La logistique maritime bloque le café péruvien dans les entrepôts

Selon les coopératives péruviennes de café, ce sont 25 000 t de produits qui sont bloqués dans les entrepôts des producteurs en raison du manque de navire.

Dans la balance commerciale péruvienne, le café occupe la première place au niveau des exportations. En 2020, le Pérou a produit 276 000 t de café. Le pays de la côte ouest de l’Amérique du Sud se place en deuxième position des pays exportateurs de café dans le monde, derrière le Mexique.

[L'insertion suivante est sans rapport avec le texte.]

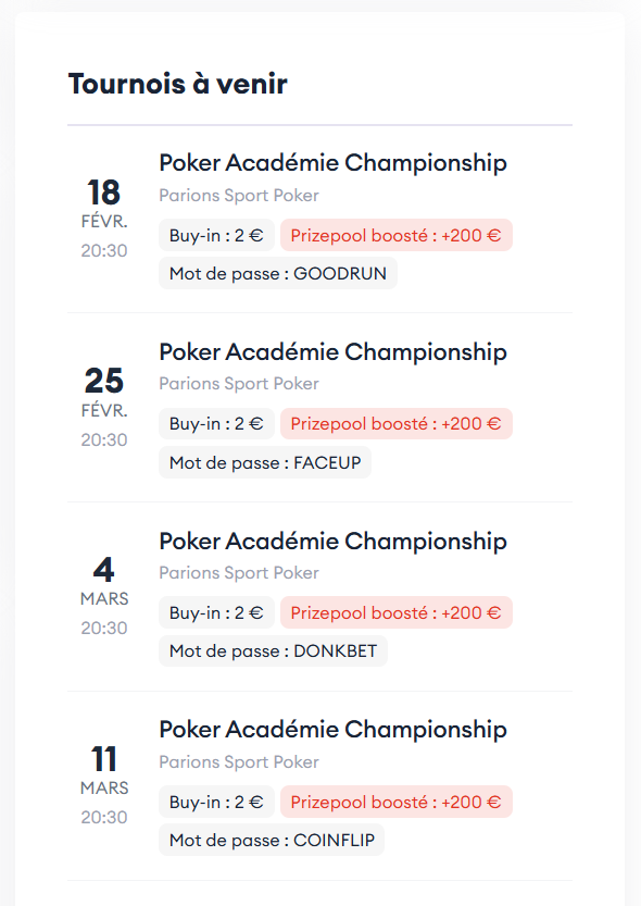En cas de doute, n’hésite pas à visiter notre page d’actualités où tous les prochains tournois sont listés, avec leurs MDP :
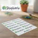 Adorable little peacock with name labels. Set of twelve small stickers with your name or a personalized word on them. They are decorated with a cute illustration of a green and blue peacock. Great for marking your electronics, notebooks, pens, drinkware, or any other personal possessions.
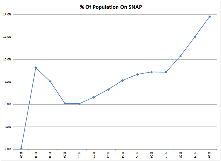 SNAP stands for Supplemental Nutrition Assistance Program. Reader Tim Wallace over on Mish’s Blog provided the charts below.
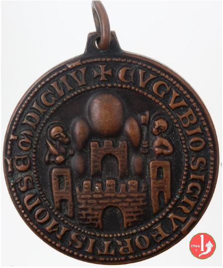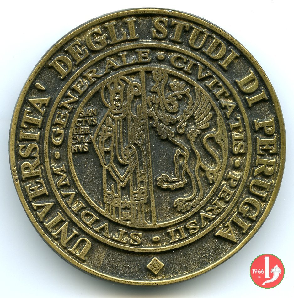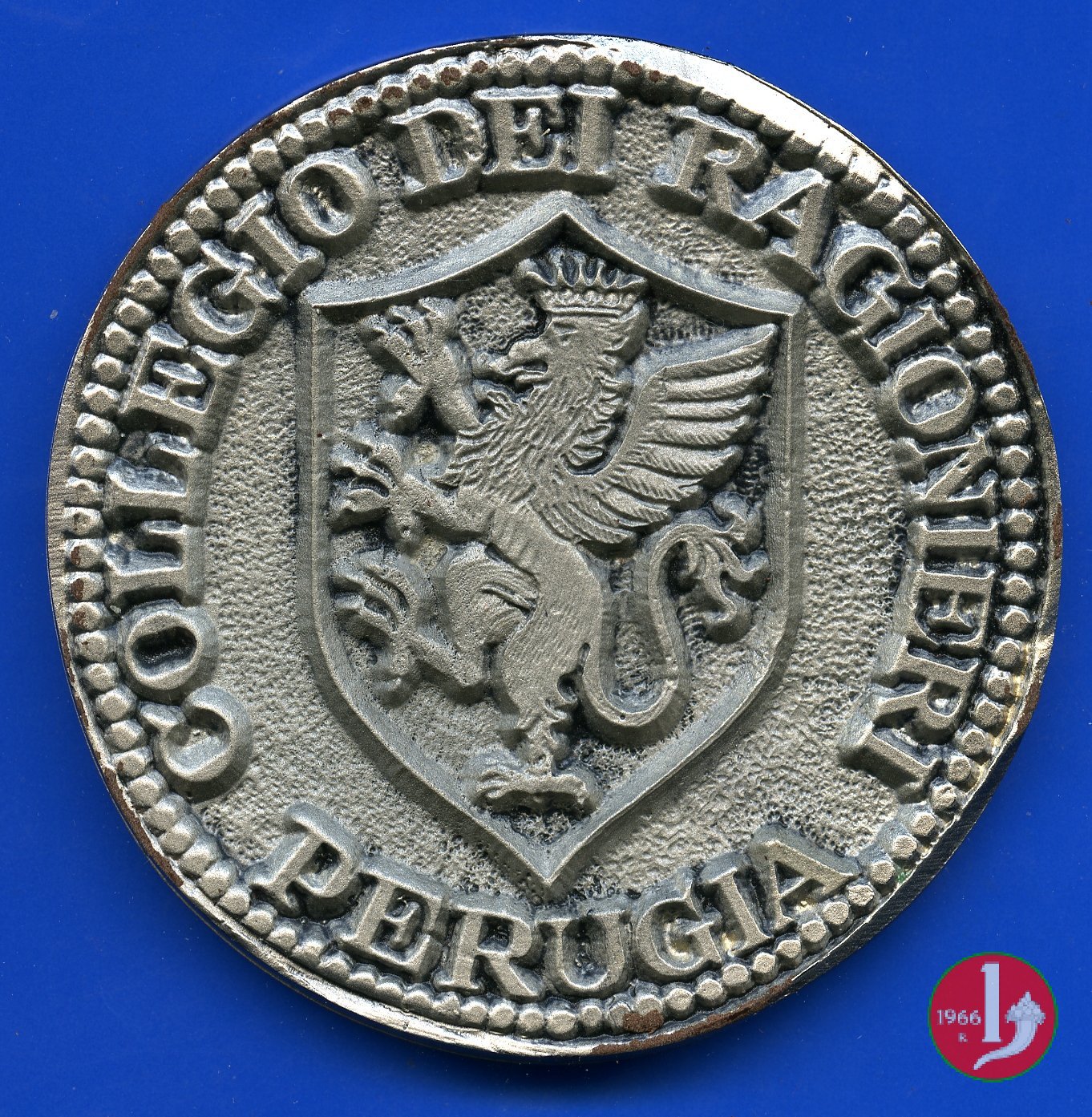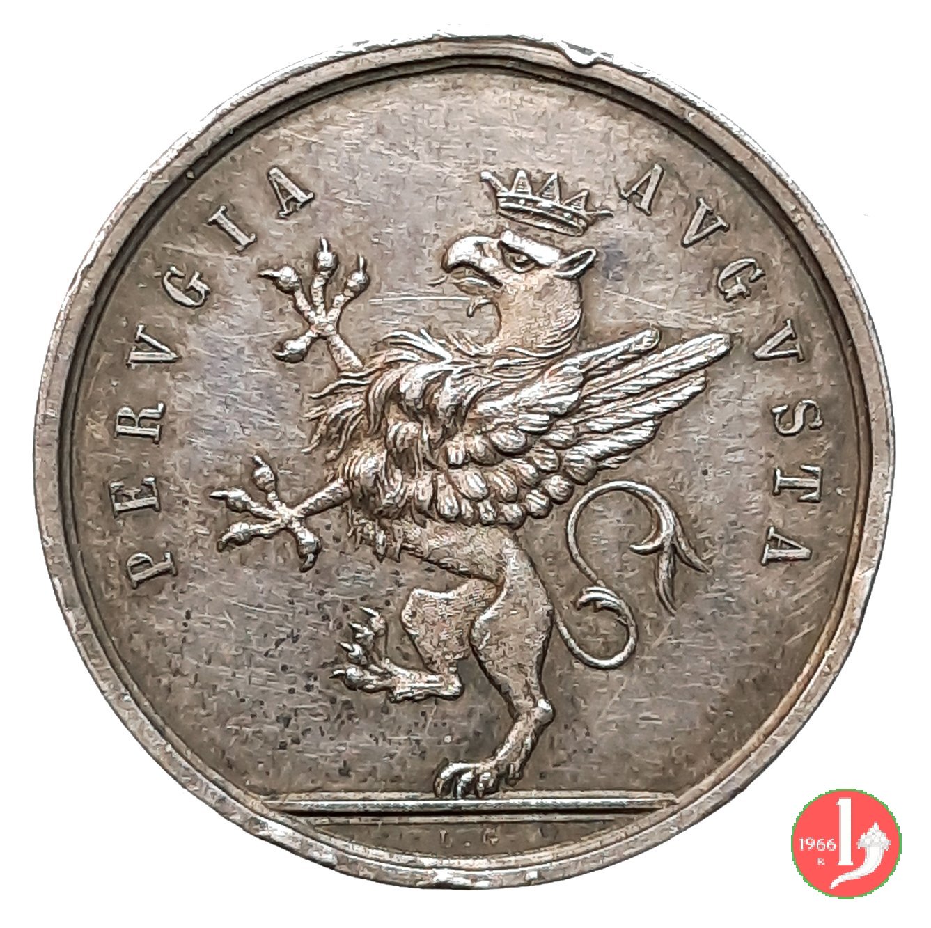 Dritto: la figura allegorica della città di Perugia seduta verso sx, protende serto d'alloro verso Palazzo dei Priori a sx e si appoggia a scudo con il grifone rampante
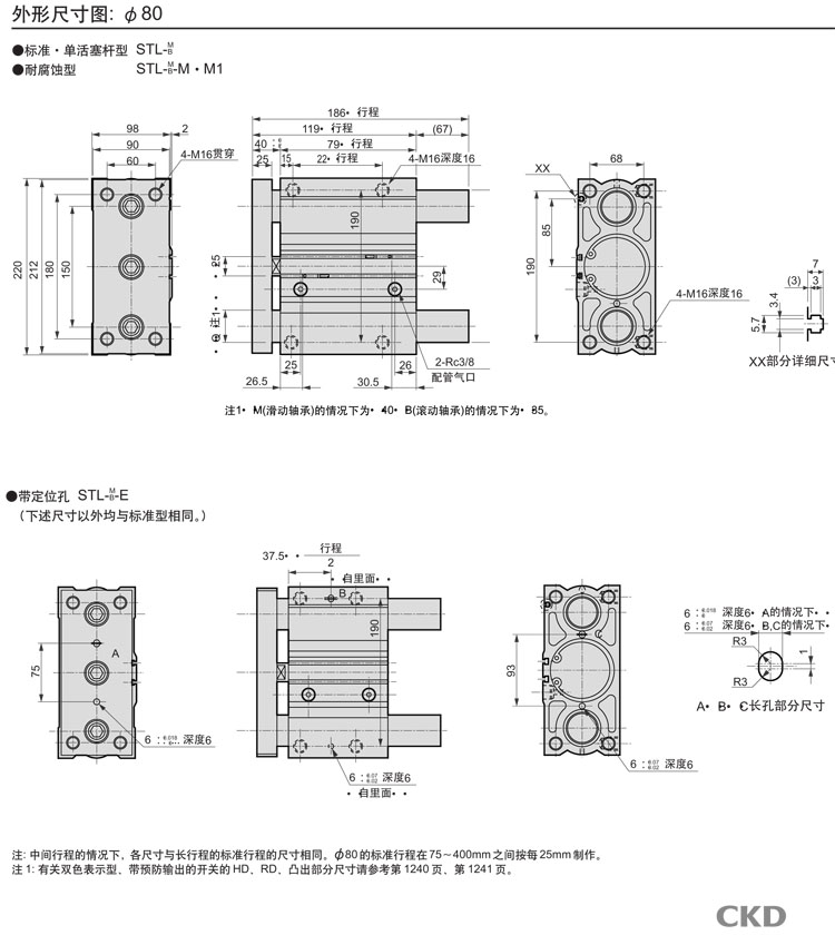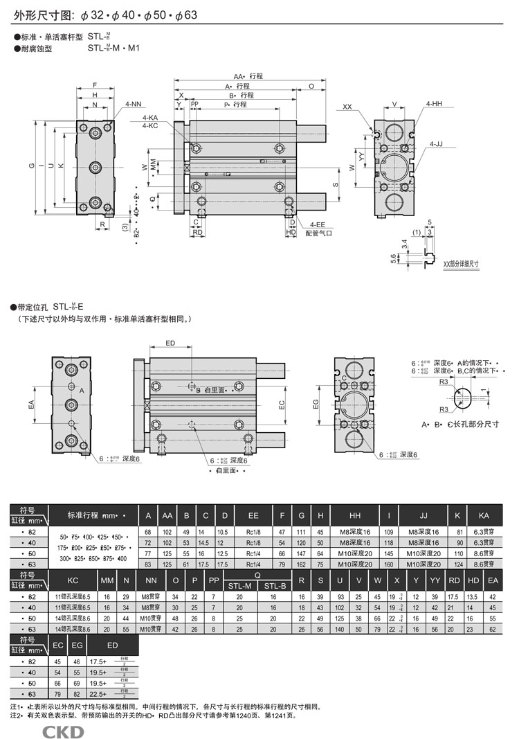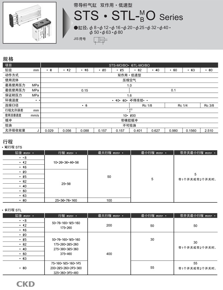 STL-BO-63-50,STL-BO-63-75,STL-BO-63-100,STL-BO-63-125,STL-BO-63-150,STL-BO-63-175,STL-BO-63-200,CKD帶導桿氣缸
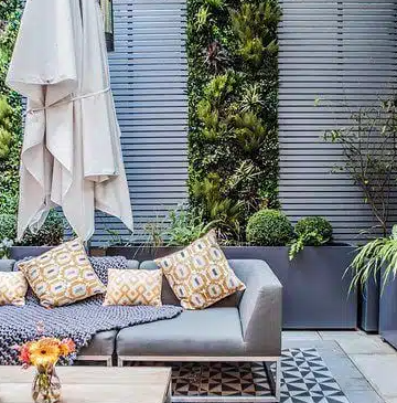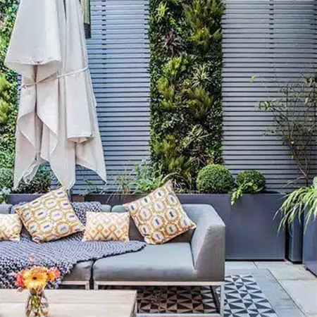 Grey and green should definitely be seen. The client was over the moon with his new and elegantly sophisticated courtyard and couldn’t believe that the whole installation took less than a day to complete. Impressed by the incredibly high quality of Vistafolia’s artificial faux foliage, the client was even more impressed with the fact that, not only can his new walls be recycled but, they can also be easily customised with colour boxes, should he decide on a change of scenery.
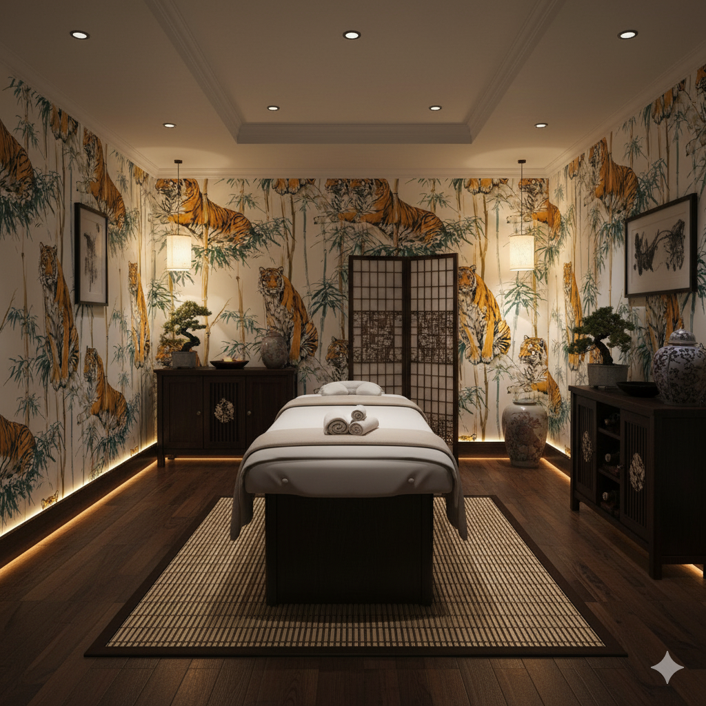 "Bamboo Royalty" is a striking wallpaper that features majestic Bengal tigers lounging and prowling through a delicate bamboo grove. Rendered in expressive brushstrokes of ochre, charcoal, and forest green, the composition is rich with texture and regal poise. The clean white background adds contrast and airiness, allowing each detail of the tiger’s coat and bamboo leaves to stand out vividly. Ideal for accent walls, powder rooms, eclectic offices, or safari-inspired nurseries, this wallpaper evokes wild elegance with an artistic flair.

En attendant des conteneurs

Pour conserver son rang sur le marché, les exportateurs péruviens doivent disposer de capacités. Or, selon une dépêche de Agraria, 25 000 t de café seraient toujours dans les entrepôts et magasins des producteurs en attente de conteneurs pour exporter ses produits. La situation dure maintenant depuis plus de trois mois.

Un coût de 120 M$

Pour le président de Junta Nacional del Cafe, organisation nationale pour le café, Lorenzo del Castillo, l’incapacité à pouvoir exporter du café pèse lourdement sur le monde agricole péruvien. Il estime que ce manque à exporter représente environ 120 M$ de marchandises. Pour les petits producteurs, l’absence de capacité à l’export les empêche de disposer de liquidités pour la future production. De plus, le manque de capacité maritime intervient alors que le café enregistre actuellement une hausse de ses prix sur les marchés internationaux.

Les compagnies maritimes préfèrent les lignes à plus fort trafic

Ainsi, selon les chiffres de l’organisation nationale du café, les exportations ont enregistré une baisse de 23,5% pour la période de janvier à août 2021, par rapport à la même période de 2020. En effet, en 2020, ce sont 3,6 millions de sacs de café qui ont été exportés contre moins de 3 millions cette année. « Nous pourrions exporter par les ports de Paita, de Callao et de Guayaquil (Équateur). Les trafics au départ de ces ports maritimes sont faibles alors les compagnies maritimes préfèrent se recentrer sur les routes à fort trafic. Nous avons des lots qui attendent entre un mois et trois mois, ce qui constitue des pertes critiques pour notre industrie », indique le président de la Junta Nacional del Cafe.

L’aérien coûterait trop cher

Pour les exportateurs, une solution existe en utilisant le mode aérien. Or, avec un prix du café élevé sur les marchés internationaux ajouté à des surcoûts logistiques par avion, le café deviendrait trop cher sur les marchés européens et asiatiques.